Religious Adaptation
"Religious belief itself is an adaptation"
Sociobiology founder Edward O. Wilson explains why we're hard-wired to form tribalistic religions, denies that "evolutionism" is a faith, and says that heaven, if it existed, would be hell.
By Steve Paulson
For a man who's obsessed with tiny critters, Edward O. Wilson has a strange knack for stirring up controversy about life's biggest questions. The Harvard biologist is a renowned expert on insects, co-author of the Pulitzer Prize-winning book "The Ants." But it was his seminal 1975 book "Sociobiology," which laid the groundwork for the new field of evolutionary psychology, that made Wilson a scientific luminary -- and a major intellectual force in America. That book, along with its Pulitzer Prize-winning sequel, "On Human Nature," argued that many human behaviors -- including aggression, altruism and hypocrisy -- are shaped by evolution. Wilson's tilt toward nature in the age-old nature/nurture debate may have put him on the map, but it also made plenty of enemies. Fellow Harvard biologists Stephen Jay Gould and Richard Lewontin denounced sociobiology, saying it provided a genetic justification for racism and Nazi ideology. Wilson's classes were picketed. In one famous incident, demonstrators at a scientific meeting stormed the stage where he was speaking and dumped a pitcher of water over his head, chanting, "Wilson, you're all wet!"Over the years, sociobiology -- once so controversial -- became a widely accepted branch of science. Ultimately, Wilson won the National Medal of Science for his scholarship.
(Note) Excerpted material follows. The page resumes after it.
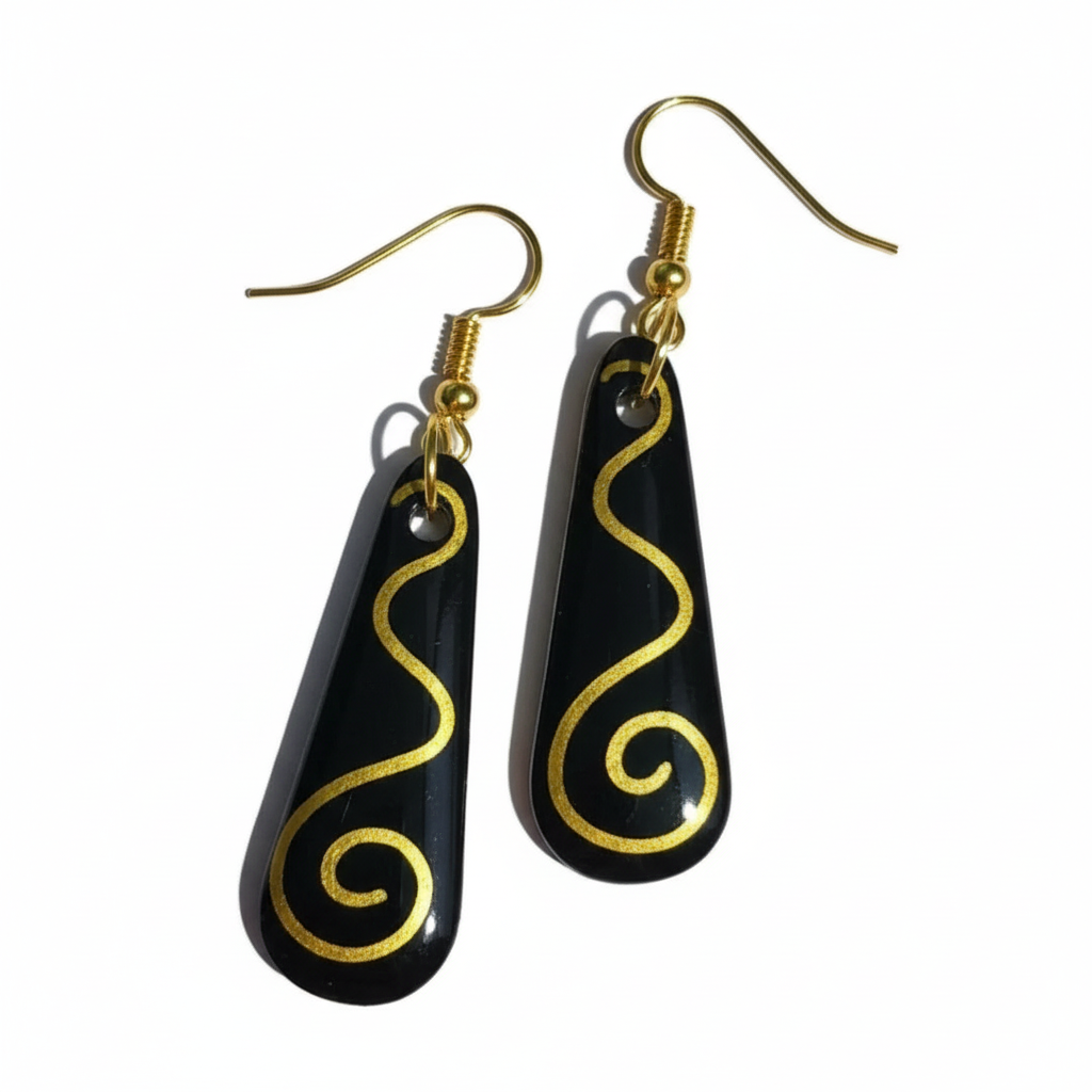 17 Published December 13, 2025 at 1024 × 1024 in Black Golden Spiral Hand Painted Earrings – Handmade Earrings for Woman ← Previous Next →

And his own popularity soared when he emerged as a champion of biodiversity and a passionate advocate for endangered species. His 1992 book "The Diversity of Life" became a bestseller. But he stirred up more trouble in the late '90s with another book, "Consilience." This was his attempt to outline a unified theory of knowledge, which had the effect of elevating science at the expense of religion and the arts. In his view, knowledge of the world ultimately comes down to chemistry, biology and -- above all -- physics; people are just extremely complicated machines. Wendell Berry, among other critics, railed against Wilson's scientific reductionism, calling it a "modern superstition."